Author's Email Address zack.p.zurawski@vanderbilt.edu
URN etd-03252016-105615
Title The molecular requirements of the G- protein betagamma-SNARE interaction.
Degree PhD
Department Pharmacology
Advisory Committee
Advisor Name Title
Brian Wadzinski, Ph.D Committee Chair
Craig Lindsley, Ph.D Committee Member
Heidi Hamm, Ph.D Committee Member
Kevin Currie Committee Member
Qi Zhang, Ph.D Committee Member
  • synaptic transmission
  • exocytosis
  • SNAREs
  • neuroscience
  • G betagamma
  • G proteins
Date of Defense 2016-01-11
Availability unrestricted
Gi/o-coupled G-protein coupled receptors (GPCRs) can exert an inhibitory effect on vesicle release through several G-protein driven mechanisms, more than one of which may be concurrently present in individual presynaptic terminals. G protein betagamma subunits inhibit exocytosis via directly binding to the synaptosomal-associated protein of 25 kDa (SNAP25), competing with the fusogenic calcium sensor synaptotagmin 1 (Syt1) in a calcium-dependent manner for binding sites on SNAP25. Here, we generate several SNAP25 C-terminal mutants that are deficient in G protein betagamma binding while retaining normal vesicle release.

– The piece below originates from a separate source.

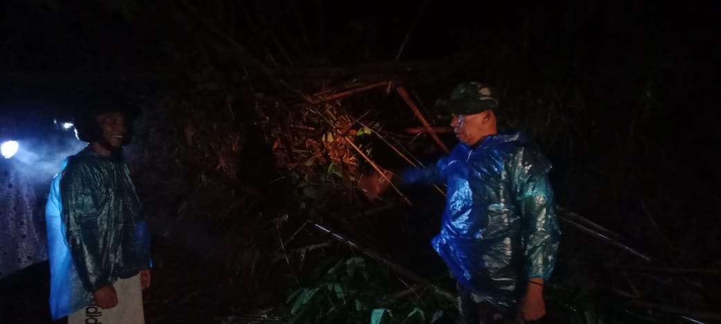 Peristiwa itu terjadi pada hari Selasa sekitar pukul 19.30 WIB kemarin. Rumpun bambu longsor menyebabkan akses jalan kedua desa tidak bisa dilewati roda 4.

The SNAP25-8A mutant features 8 G protein betagamma-binding residues mutated to Ala, and the SNAP25delta3 mutant, in which residue G204 is replaced by a stop codon, both feature a partial reduction in G protein beta1gamma2 binding in vitro. SNAP25-8A exhibits a reduction in the ability of the lamprey serotonin receptor to reduce excitatory postsynaptic current (EPSC) amplitudes, an effect previously shown to be mediated through the G protein betagamma-SNARE interaction. Syt1 binding to these mutants is largely intact. We conclude that the extreme C-terminus of SNAP25 is a critical region for the G protein betagamma-SNARE interaction. To further investigate the physiological relevance of the G protein betagamma-SNARE interaction, we have developed small molecule modulators of the G protein betagamma-SNARE interaction with micromolar potency. A transgenic mouse has been made containing the SNAP25delta3 mutation using the CRISPR-Cas9 reaction. Characterization of the phenotype of this animal is ongoing. In summary, we have identified key residues for the G protein betagamma-SNARE interaction and generated new experimental tools to investigate the importance of this interaction in tissues and disease states where its relevance is not currently known.